Which one is better suited for the user?

  • This depends on the relation between the data tables and aesthetics of the page. Can you share some background info for more context and some images maybe?
    – jazZRo
    Commented Jun 6, 2023 at 16:00

2 Answers 2


Your second option is the most appropriate; otherwise, if columns are too width, you'll face content floating in your table cells, which will cause a high cognitive load. Columns have to be as wide as needed for the content, which means the entire table must accommodate the necessary space for those columns and nothing more.

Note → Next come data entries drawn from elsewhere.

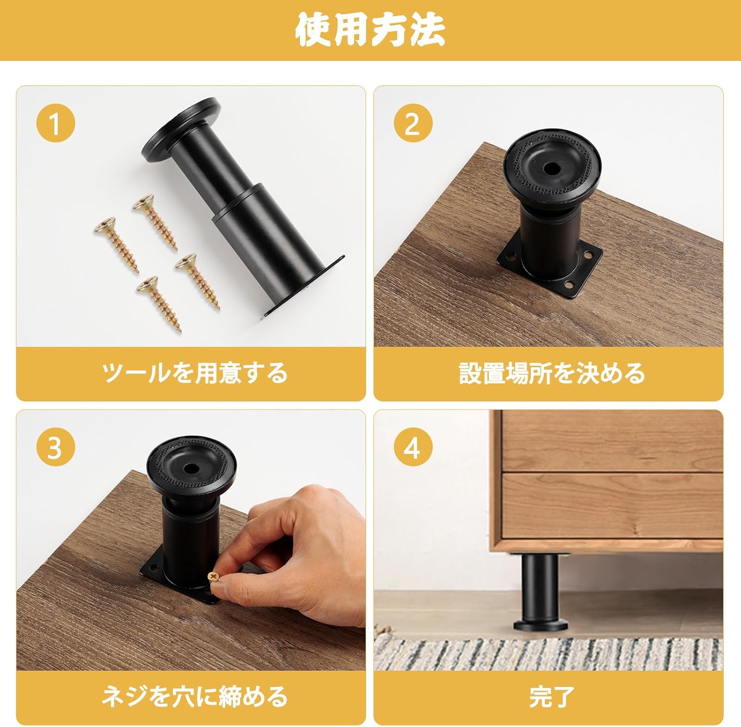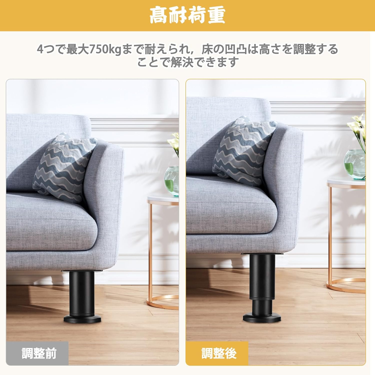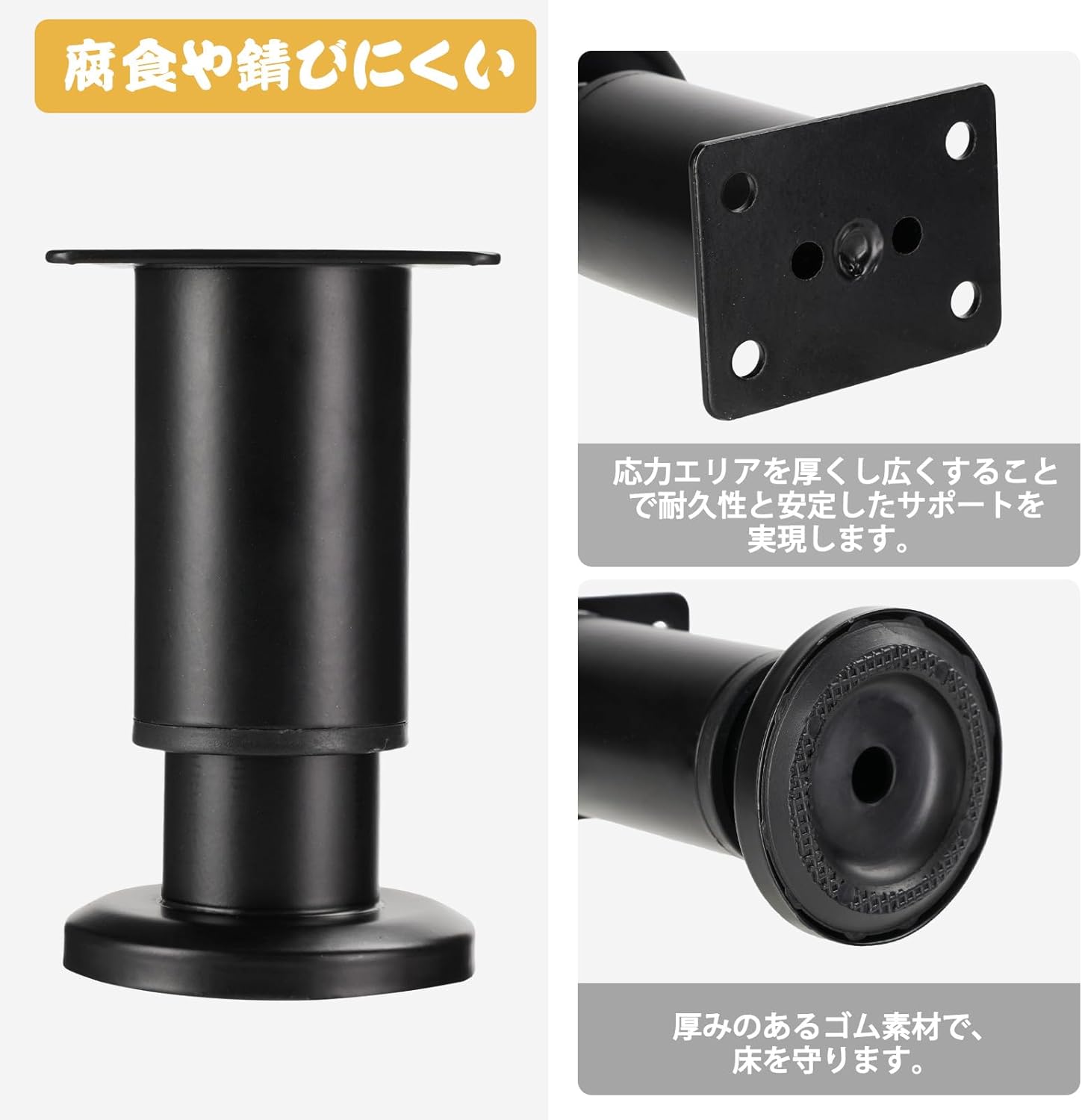 | 高品質の冷間圧延鋼板で作られ、表面は多層の厚いコーティングで処理されており、優れた耐食性と防錆性を備えています。底部には高品質のゴムパッドが使用されており、滑りを防ぎます。 家具の脚取り付けブラケットには4つの事前に開けられた穴があり、簡単に直接取り付けることができます。回転して高さを調節できるので、地面が凸凹していても大丈夫です。取り付ける際はネジの長さが天板を貫通しないように注意してください。 家具の脚は多目的で、家具の高さを簡単に調整できます。ソファ、キッチンカウンター、バスルームやベッドなどさまざまな生活シーンにも適しています。 |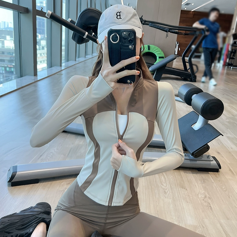 | nameOriginal | Women's long-sleeved fitness training yoga clothes with blue pattern and color matching |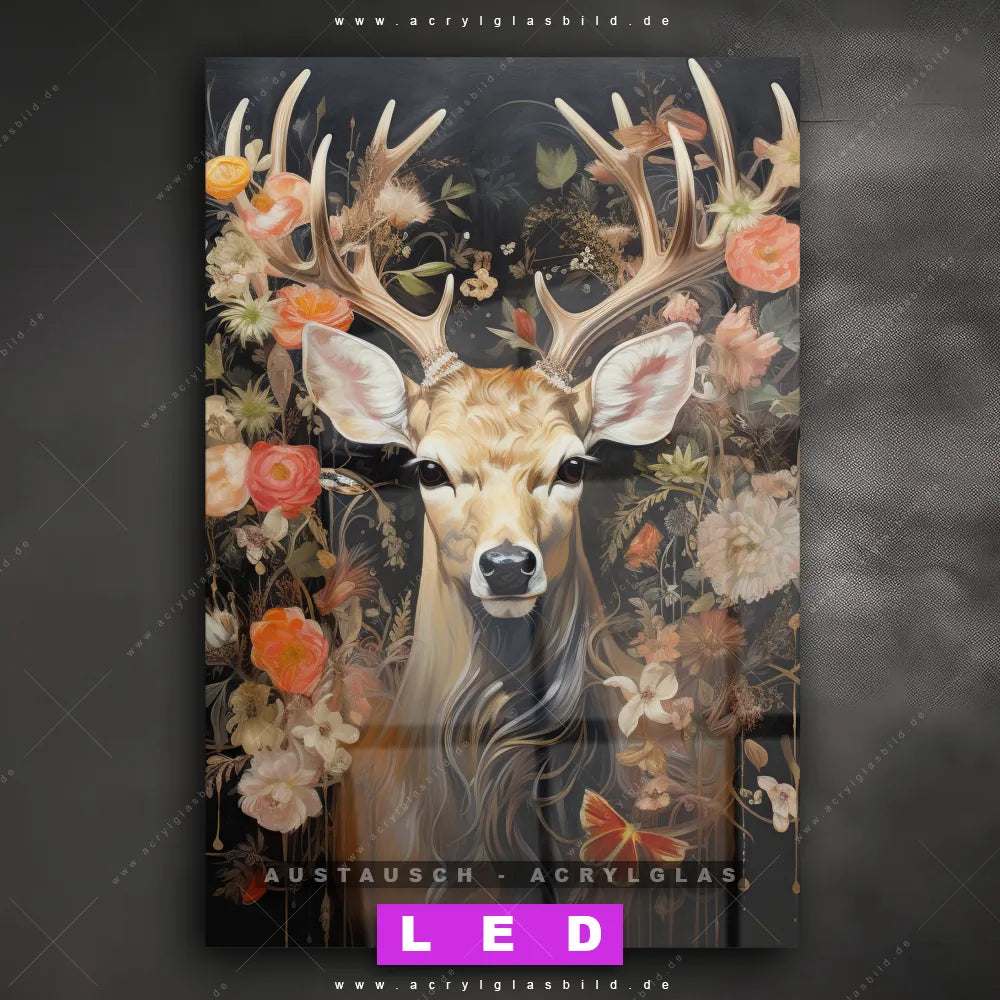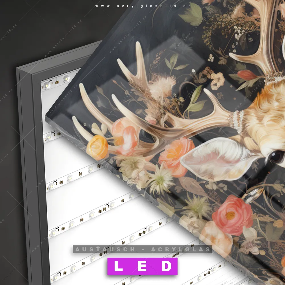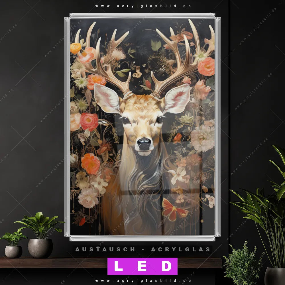 Begriffe wie Rotwild, Wald, Hirsch, Blüten, Geweih haben dich auf der Suche nach deinem neuen Austausch-Acrylglasbild inspiriert? Dann sollte das Wechsel-Acrylglasbild Hirsch in blühender Pracht für dein bereits vorhandenes LED Acrylglasbild Canvalight® DIA den Weg zu dir finden.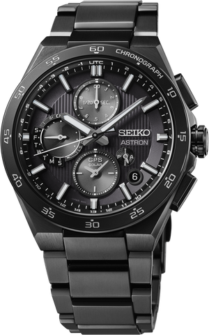 Astron GPS Solar Dual-Time Chronograph High speed GPS time and time zone adjustment (39 time zones) Perpetual day and date calendar correct to the year 2100 1/20 second chronograph with vertical subdial layout Dual time indicator and time transfer functions DST, in-flight mode, and power save functions AM/PM and signal reception result indicators Ceramic bezel insert with tachymeter Black textured dial with contrasting subdials LumiBrite hands and markers Tri-fold push button release clasp with Smart Adjuster function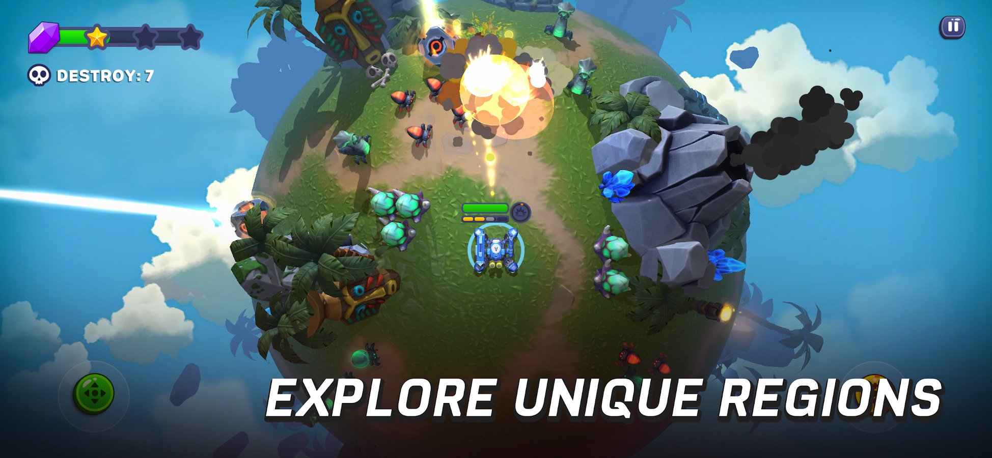 Planethalla - prepare your own robot for battle. Collect precious crystals on each of the levels, navigate through various planets to search for special amplifiers, upgrade the weapons you receive and defeat many unknown opponents who have entered your path. Although there are only 3 main regions, they differ significantly from each other in interesting locations, so you should visit them and see what you generally find.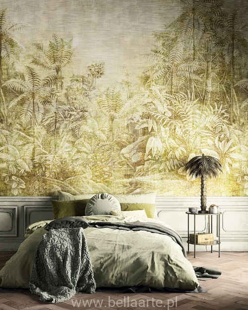 Mural Wander Linien i Wander Leaf to fototapety ukazujące dżunglę i jej egzotyczną, bujną roślinność. Murale dostępne są w dwóch wersjach kolorystycznych, w delikatnych jakby zamglonych barwach.Fototapeta wyprodukowana jest z domieszką naturalnych włókien sizalu, dlatego jej struktura jest bardzo dekoracyjna. Mural składa się z czterech części, które można ze sobą połączyć lub ułożyć na ścianie pojedynczo.

As for the sub-items of your second option, I'm not sure if you refer to the position of the table in the layout or the width of the columns in your table. In the first case, it's a design decision; you can center vertically and horizontally if you want, it depends on your design system.

If what you mean is columns in the table, then their content must be aligned according to the type of content. Just in case, here's an excellent resource for data table best practices.

  • Can you explain what you mean with floating? When the text aligns left the last column can just stretch the rest of the width, right?
    – jazZRo
    Commented Jun 6, 2023 at 16:03
  • I mean the content will have a lot of blank space at one of the sides
    – Devin
    Commented Jun 6, 2023 at 16:53

When you consider effort to impact, both options give you the same impact, but Option 2 has way less effort.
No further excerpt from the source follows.